2018年3月17日土曜日

これから生き残る新人個人投資家は氷山の一角のみ

個人投資家のバブル状態


2012年頃からのアベノミクスによる上昇相場の恩恵を受けた個人投資家が多くいます。


そのため、株式投資で数千万円から1億円以上の利益を上げた個人投資家が続出しています。

本屋には「○万円から始めて○億円増やす方法」のような本が並び、ネットの広告でもドヤ顔の自称億り人投資家が、その様な広告を出してきます。

また、仮想通貨においても億り人が続出したことが話題となりました。私を含めた駆け出しの個人投資家は、その様な美味しいチャンスがあちこちに転がっていると思い込み、「ワンチャンあるんじゃね?」等と言って、こぞって資金をつぎ込んで行きます。


しかし、それは何も分かっていない危険な行為です。



億り人投資家の共通点


その「○万円から○億円増やす方法」系の本を、私自身も藁にもすがる思いで何冊か読んだことがあります。また、成功している個人投資家のブログもいくつか拝読しています。

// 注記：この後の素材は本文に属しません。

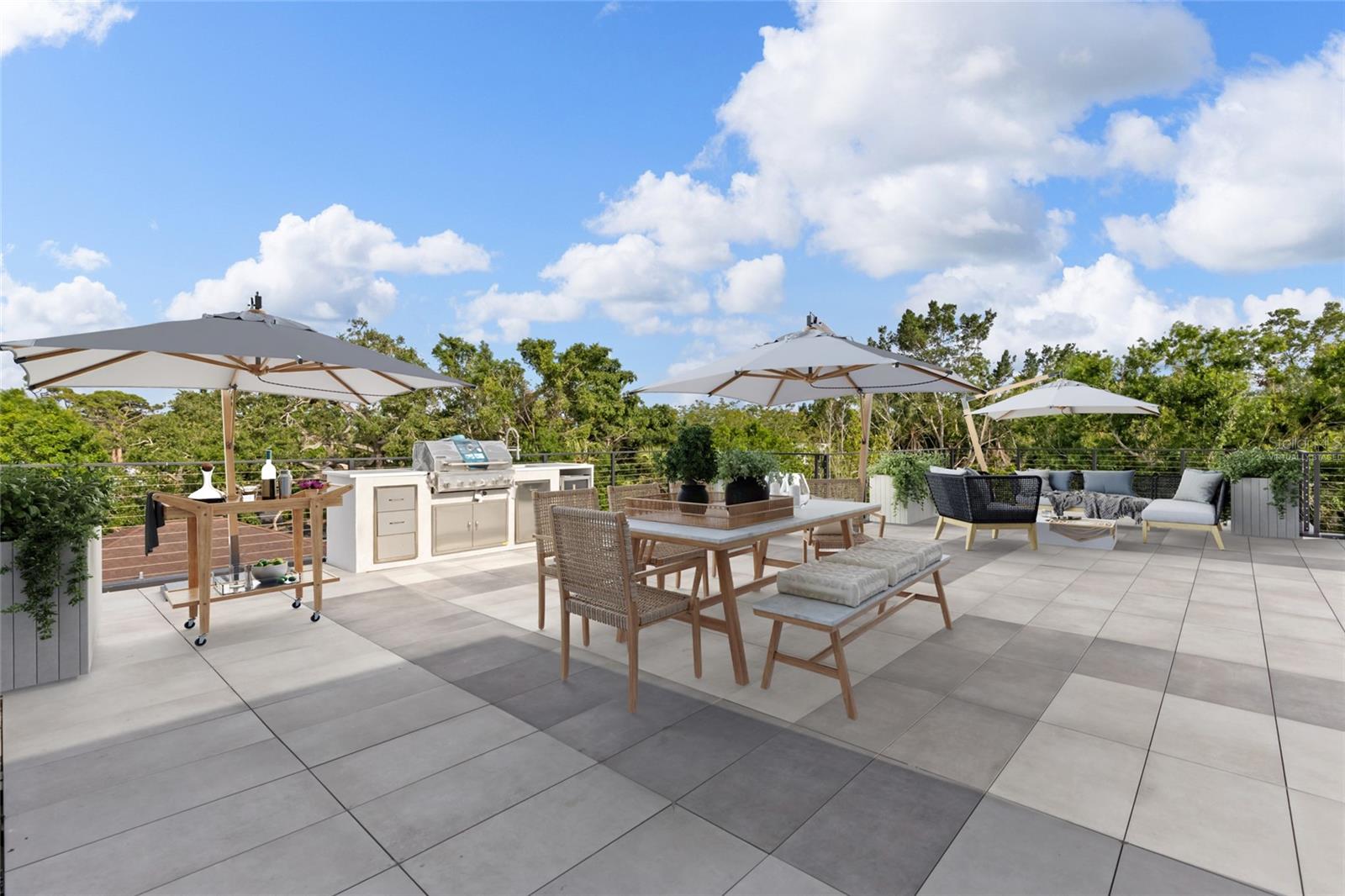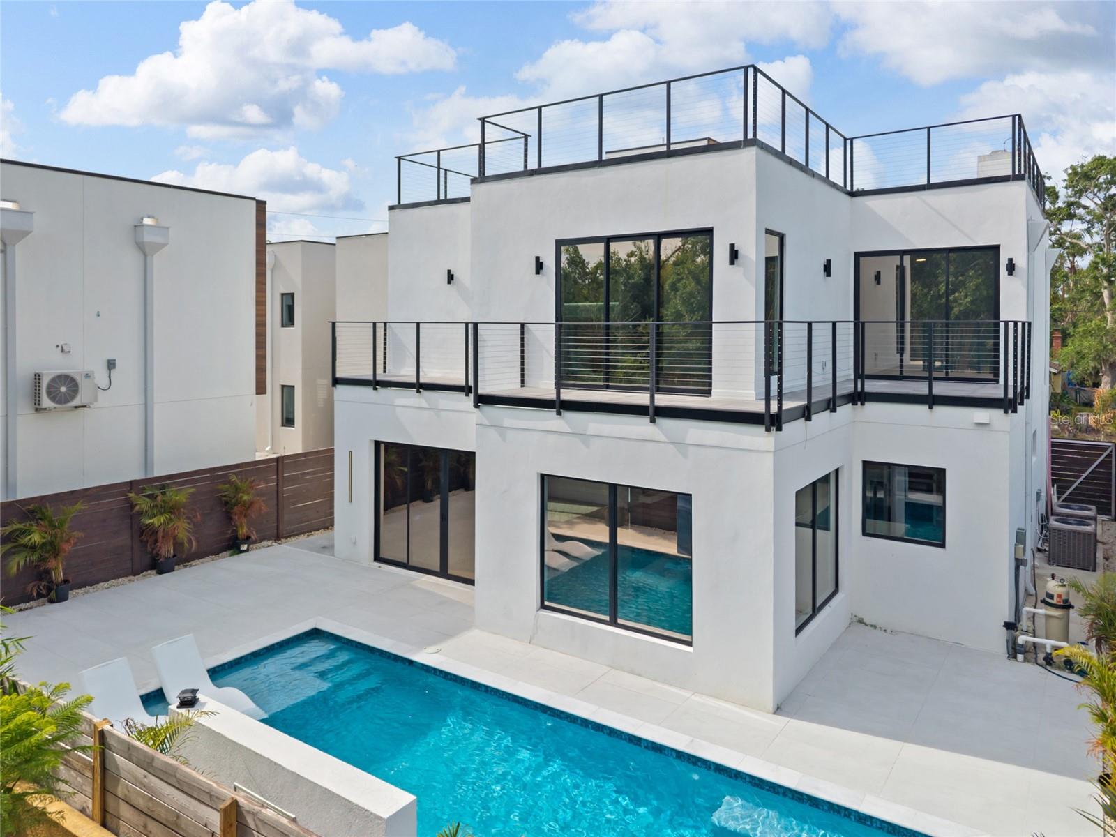 Presenting an exceptional opportunity to own a stunning, modern luxury residence with no HOA fees, ideally located in one of the best areas of Sarasota. This home is conveniently situated near Main Street, a nearby park, and a boat ramp, offering unparalleled accessibility. Additionally, it is just minutes from the marina and the vibrant city center of Sarasota, placing you in the heart of the city's finest dining, shopping, and entertainment. The property is also just half a block from Gillespie Park, featuring a tennis court, further enhancing recreational options. Furthermore, the newly developed 50-acre Bay Sarasota Park offers expansive green spaces, recreational areas, and cultural amenities—perfect for outdoor activities, events, or simply enjoying nature in a peaceful setting. Spanning a total of 5,500 square feet, with 3,780 square feet of core living space, this home offers an expansive and well-designed floor plan. It includes 4 spacious bedrooms, 5 luxurious bathrooms, and a dedicated office space that can easily be converted to suit various professional needs. The office area can be transformed into a completely separate unit, featuring its private bathroom and waiting area. It can function independently, ideal for use as a doctor’s or lawyer’s office, or any other professional setting. The property boasts an oversized rooftop terrace offering panoramic downtown views—perfect for outdoor entertaining. The outdoor kitchen, equipped for al fresco dining, is perfect for hosting gatherings or enjoying intimate meals in a beautiful setting. For added convenience, the home features a spacious 2-car garage and soaring high ceilings throughout, creating a sense of openness and grandeur. Step outside to enjoy your private oasis featuring a modern pool, perfect for relaxation or entertaining. Designed with both style and functionality in mind, this home is the epitome of modern luxury. The contemporary finishes throughout, combined with the prime location near the marina, Sarasota’s vibrant downtown, and the new Bay Sarasota Park, make this an extraordinary opportunity for those seeking an upscale living space with the ability to incorporate a separate professional office—all with the added benefit of no HOA fees. Schedule Your Showing for Today!! virtually staged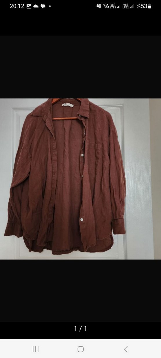 Düğmeli, keten kumaştan, kahverengi, uzun kollu, notched lapel yakalı bol kesim midi uzunlukta kadın gömleği. Minimalist bohem tarzda, günlük kullanıma uygun. 2-3 krre kullanıldı sorunsuz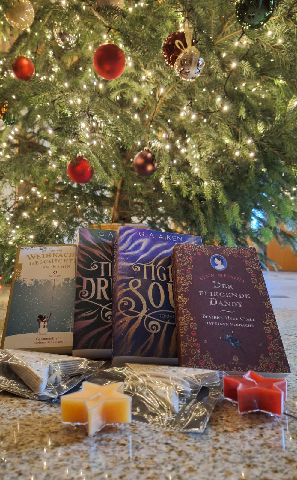 Ich war sehr gerührt wie viel Liebe in mein Paket gesteckt wurde, sogar noch zwei Extra-Bücher, die mich total überrascht haben. Das hat mich wirklich sehr gefreut und wird mir die Feiertage doppelt so sehr versüßen! Ich kann es gar nicht erwarten mit dem Lesen anzufangen. Auch vielen Lieben Dank für die Süßigkeiten und besonders die schönen Sterne! Dankeschön! Ich hoffe nur, dass mein Päckchen genauso viel Freude bringt.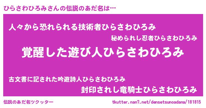 | 男性向けラノベタイトル風あだ名 | 『ひらさわひろみに滅ぼされるだけの簡単なお仕事です』 |
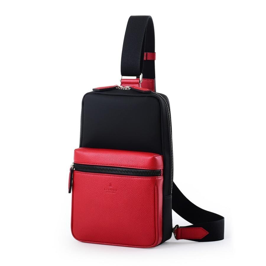 > BB671 ランバン コレクション LANVIN 定価2万7500円 新品 ボディバッグ ワンショルダーバッグ 黒 × 赤 高耐久撥水レザー 284911 エクラ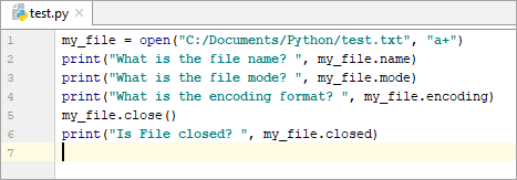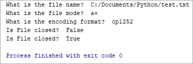 my_file = open("C:/Documents/Python/test.txt", mode="w+") print("What is the file name? ", my_file.name) print("What is the mode of the file? ", my_file.mode) print("What is the encoding format?", my_file.encoding)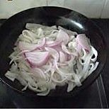 加入洋葱丝、调入蚝油、生抽、胡椒粉炒匀;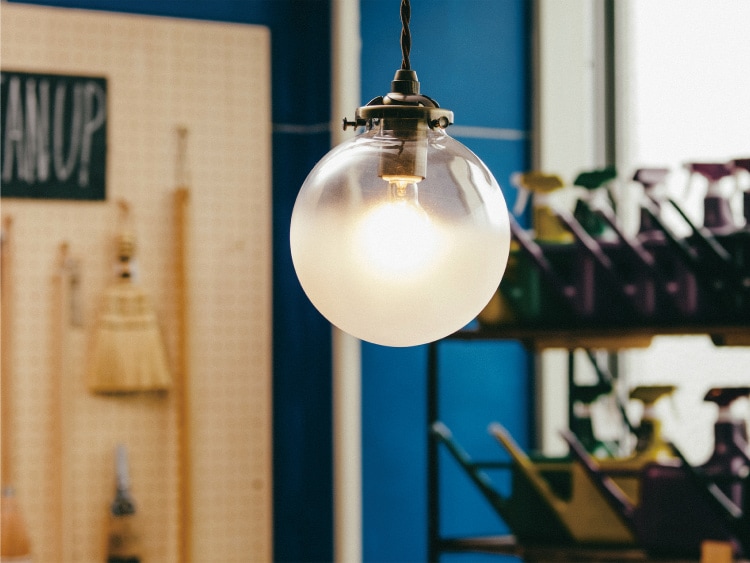 シャボン玉のようなまあるいフォルムにガラスの豊かな表情をプラスしたペンダントライト。 ハンドメイドのガラスを通して広がるあたたかな光が、幻想的なムードを作ります。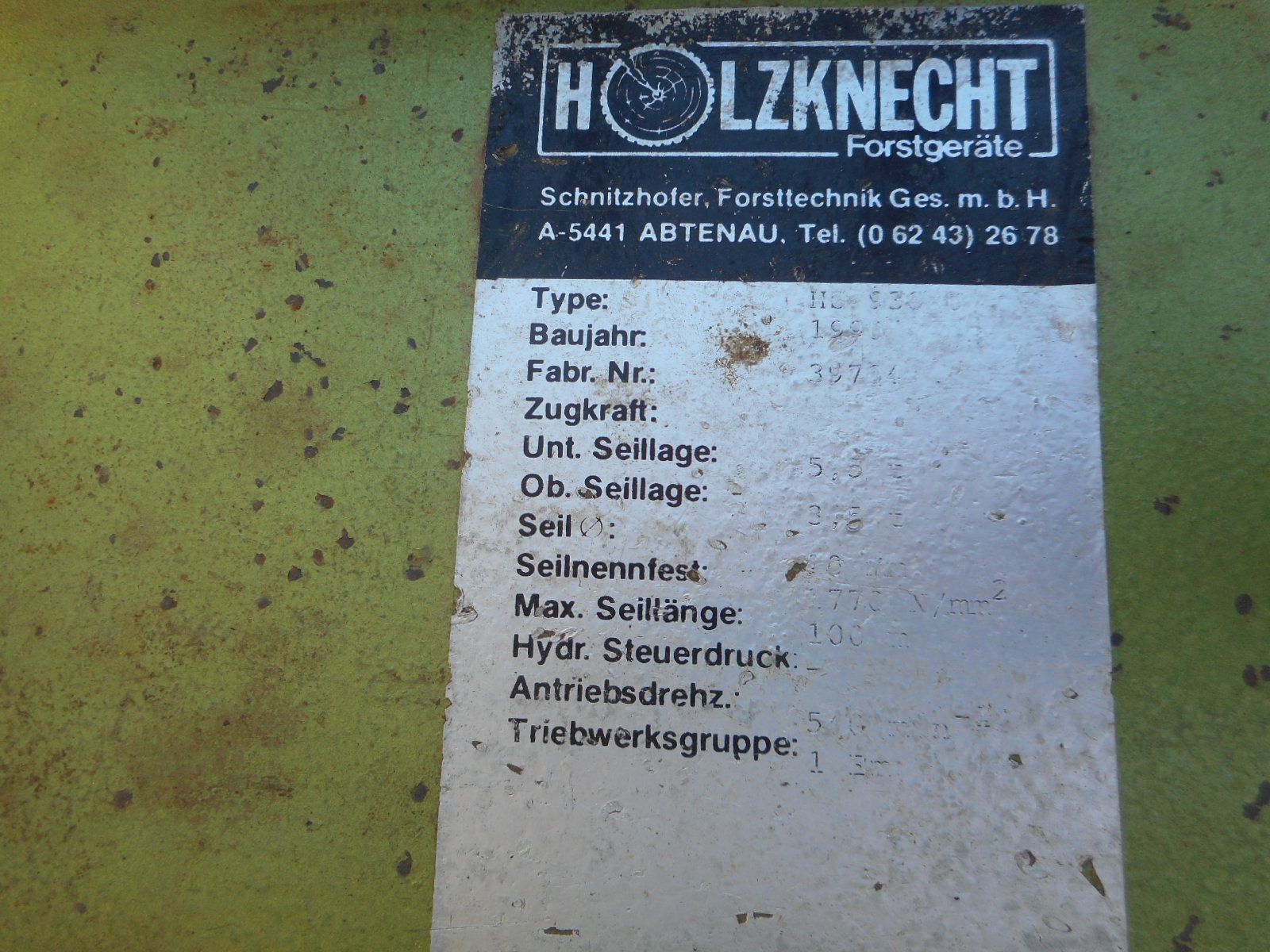 Holzknecht Forst Seilwinde HS 930 U, Baujahr 1990, Schildbreite 1,3m, mechanische Bedienung, 2 Seilgleiter mit Seilendstück inkl. Gelenkwelle, 4,5t Zugkraft,..

その結果分かった、彼らの共通点を書きたいと思います。彼等の共通点を語ることが、これから多くの新人投資家が退場していく理由にもなるからです。

ちなみにここでいう「億り人」とは、たまたま当てて億稼いじゃいました的な運が良い投資家のことではなく、実力で利益を上げた億り人のことです。


実力派億り人の共通点


今現在、株式の個人投資家で1億円プレーヤーになっている人たちというのは、多くの失敗や辛い境遇に立たされながらも、諦めずに投資を続けて来た人達です。

今の成功している彼ら先人たちが投資を始めたのはだいたい2000年代初頭から2000年代の中頃です。

なぜかというと、個人で簡単に投資できるネット証券会社が普及してきた時代と重なるからです。

それまで個人投資家は証券会社に電話するか直接足を運ばないと株を買えないわけです。ネットが取引ができるようになったことは、個人投資家にとっては大変なメリットでした。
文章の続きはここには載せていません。